▶ REQUIRED WORK:
With the pictures left out, print exactly the lines below that run from the one containing "Pithoragarh (85 km)" through the one containing "(從左到右,自上而下依次是:校園鳥瞰、學".

▶ Collected data:
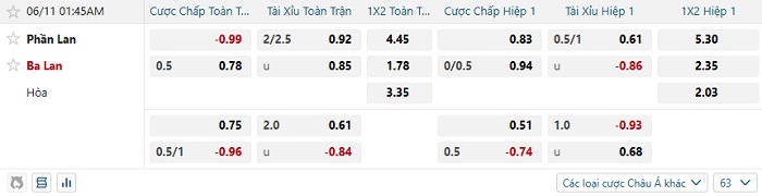 Tip kèo Châu Á hiệp 1 Phần Lan vs Ba Lan
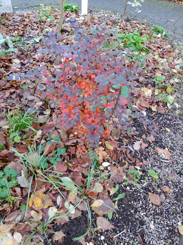 Aramisz Ulmen im Herbstkleid, das wunderbare 'Chaosbeet' von kohaku, Hans Herberts Zwergmispel im Laubbett und ViMs Hängebuche im Frost - alles
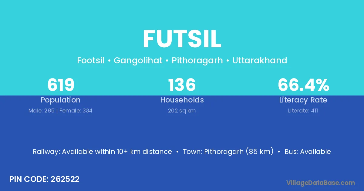 Pithoragarh (85 km) is the nearest town to Futsil village for major economic activities and is located approximately 85 km away.
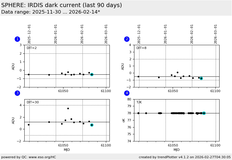 This plot shows the IRDIS detector dark level values of the three regularly acquired health check
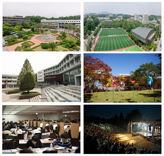 (從左到右,自上而下依次是:校園鳥瞰、學校操場、宿舍外部、校園一角、學校圖書館、晚間活動)
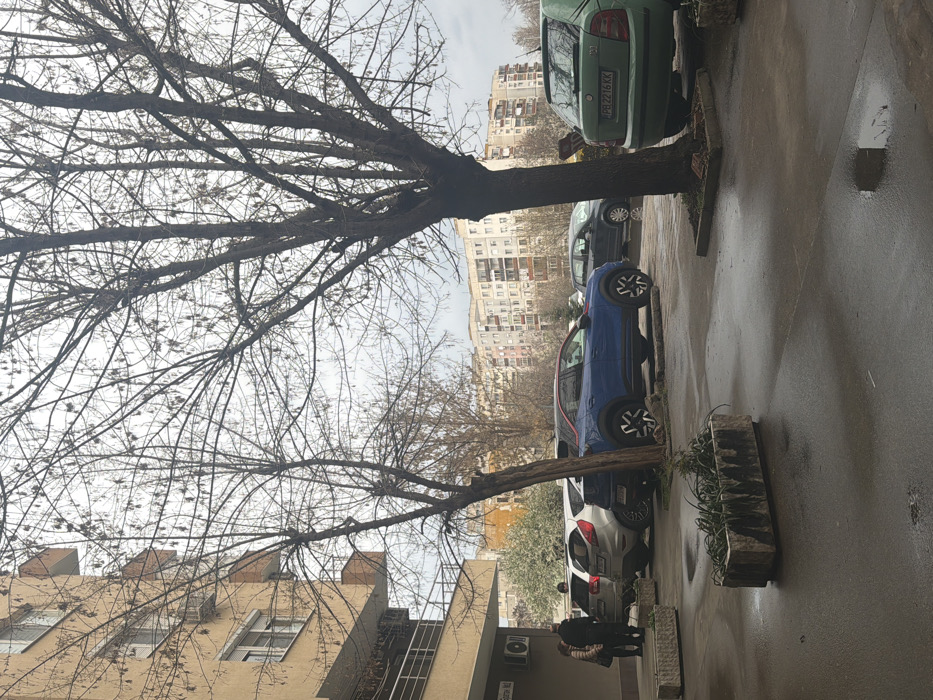 The scene depicts an outdoor urban environment at Boulevard 6th September, No. 10, Plovdiv, Bulgaria, under an overcast sky. The ground surface is paved and wet, exhibiting reflections and small puddles, indicating recent precipitation. Multiple bare-branched deciduous trees, indicative of late autumn or winter, are prominently featured, including two in the foreground with exposed root areas at their base. On the left, a multi-story residential building with a light beige facade, balconies with metal railings, and white-framed windows is visible. A white sign reading "бул. "6-ти Септември" No 10" is affixed to this building. Several air conditioning units are mounted on its exterior. In the mid-ground, a parking area contains several vehicles. A green Skoda hatchback with Bulgarian license plate PB 2216 KK is parked facing away from the viewer on the right side. To its left, a blue Nissan Juke SUV is partially obscured by a tree, parked facing left. Further left, a silver Ford Fiesta hatchback is parked, and another light-colored vehicle is partially visible behind it. In the background, numerous multi-story apartment buildings with varied facades are observed. Three individuals are standing near the silver Ford Fiesta on the left side of the scene. One person in a dark jacket is seen from the back, while two others, one in a dark jacket and another in a light coat, are conversing. In the foreground, two rectangular concrete planters containing sparse green plants are positioned on the wet pavement.

▶ EXERCISE RESULT:
 Pithoragarh (85 km) is the nearest town to Futsil village for major economic activities and is located approximately 85 km away.
 This plot shows the IRDIS detector dark level values of the three regularly acquired health check
 (從左到右,自上而下依次是:校園鳥瞰、學校操場、宿舍外部、校園一角、學校圖書館、晚間活動)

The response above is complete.